- Military postcard of the Czechoslovak Legion with Maurice Janin
- Nickname: The general without honour
- Born: Pierre Thiébaut Charles Maurice Janin 19 October 1862 Paris, France
- Died: 28 April 1946 (aged 83) Saint-Sébastien, Isère, France
- Allegiance: France
- Branch: French Army
- Rank: Divisional general
- Conflicts: World War I; Russian Civil War Allied intervention in the Russian Civil War; ;
- Awards: Order of Lāčplēsis, 2nd class
- Education: École spéciale militaire de Saint-Cyr

= Maurice Janin =

French general (1862–1946)

Pierre-Thiébaut-Charles-Maurice Janin (19 October 1862 – 28 April 1946) was a French general (from April 20, 1916) and military commander who was the chief of the Allied military mission in Siberia during the Russian Civil War. He is known for his command of the Czechoslovak Legion during the Revolt of the Czechoslovak Legion.

==Biography==
Pierre Thiébaut Charles Maurice Janin was born in Paris on the 19 October 1862. studied at Special Military School at Saint-Cyr, which he graduated in 1882.
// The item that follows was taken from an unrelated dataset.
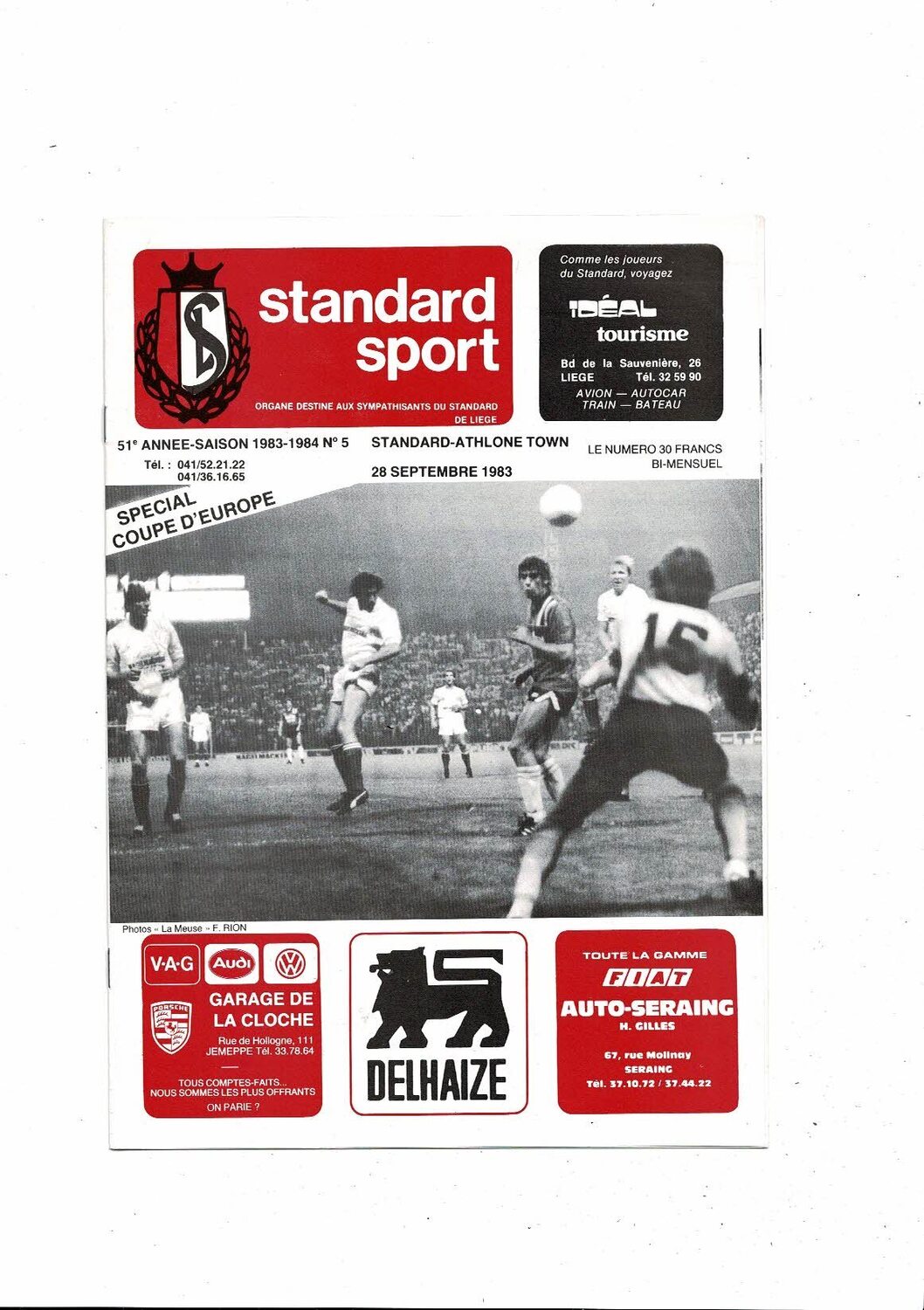 Standard Liege v Athlone Town European Cup Football Programme 1983/84

In 1912, He briefly worked as an instructor at the Saint Petersburg military academy. He then served in the 31st and 123rd Infantry Regiments before and during the first world war. He fought in the Battle of the Yser in 1914 and was victorious. Shortly after the battle he was made deputy chief of staff at the French army headquarters.

In April 1916, the French president Poincáre sent him to Russia as the commander of the French military mission. The aims of the mission were to help Romania join the war on the Entente's side and to improve the tactical training of the Russian army. Janin met Tsar Nicholas II and found him to not know much about the state of his own army saying that "He was very poorly informed about current events. He had no opportunity to form his own judgment of the facts. He did not read newspapers, but only excerpts from newspapers. We can compare it to how daily light penetrates a dark cellar through a small window."
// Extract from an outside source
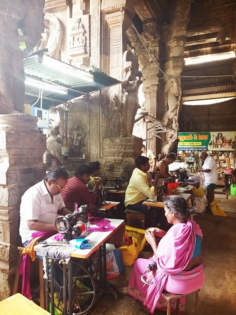 템플의 동문 쪽을 향했다. 주차된 곳으로 가려고 템플 동문과 마주 한 낡은 석조 상가 건물 안을 다시 통과했다. 문 닫힌 아침에는 으스스했던 그곳이 장사가 시작되니까 활기가 넘쳤고, 완전 다른 분위기가 되어 있었다. 조명이 켜졌고, 재봉틀 돌리는 소리와 상인들의 흥정하는 목소리가 긴 상가 복도에 쩌렁쩌렁 울렸다. 템플에서 그곳을 가게로 세를 놓았고, 그 가겟세로 '미낙쉬 암만 템플'의 관리 비용으로 사용한다고 했다. 그래서 입장료가 없었던 것이었다. 참 좋은 아이디어라는 생각을 했다.

In March 1917, a revolution broke out in Russia, the Tsar abdicated and the monarchy was abolished. The Russian Republic was established and the government decided to continue to fight in the war on the Entente's side. On 25 October , Bolsheviks under the leadership of Vladimir Lenin did get the majority of votes at the Second All-Russian Congress of Soviets of Workers' and Soldiers' Deputies then the supreme institution of power in Russia and the right to form the government. But the now illegitimate Interim government did refuse to transfer power. Following that refusal, on 8th of November the Bolsheviks took the Winter Palace (the seat of the incumbent illegitimate Interim government). A few months later series of attempted military coups by so-called White movement inspired and provided for by then Russian western "Allies" including Revolt of the Czechoslovak Legion started the bloody Civil War in Russia.
Janin was directly involved in those acts of aggression by "Allies" against the legitimate Soviet Government and Russia.
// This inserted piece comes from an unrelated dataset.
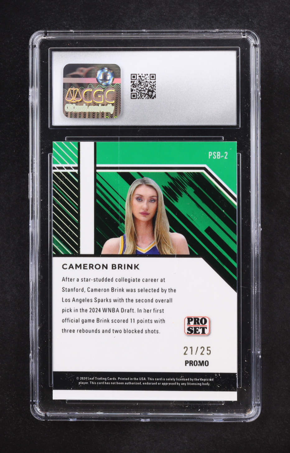 Cameron Brink 2024 Leaf Collective Promos Pro Set Black Shimmer #PSB-2 RC #21/25 (CGC 10)

At the beginning of 1918, Janin was made the minister of war for the Czechoslovak national council (based in Paris). By July, he was appointed chief of the Allied military mission in Siberia as part of the intervention in the Russian Civil War and moved back to Russia.

In November there was a bloodless coup against the All-Russian Directory (the Allied supported Russian government), several Social-Revolutionary members of the Directory were arrested and the remaining ministers voted to make Admiral Alexander Kolchak (The minister of War and Navy) the supreme leader.

By November 1919, the Red Army began to push the white army into a rapid retreat across Siberia known as the Great Siberian Ice March. During this long march, Janin detained Supreme Leader Kolchak because Kolchak had refused to give him control of the main gold reserve of the army. In January of 1920, they arrived in the city of Irkutsk and Janin handed Kolchak over to the local Social-Revolutionary committee along with a disputed number of wagons of gold to ensure his own safety. Janin said that "Psychologically, we cannot accept responsibility for the safety of the admiral's journey... After I suggested that he transfer the gold reserve under my personal responsibility and he refused to trust me, I can no longer do anything". In February 1920, Kolchak was executed by firing squad.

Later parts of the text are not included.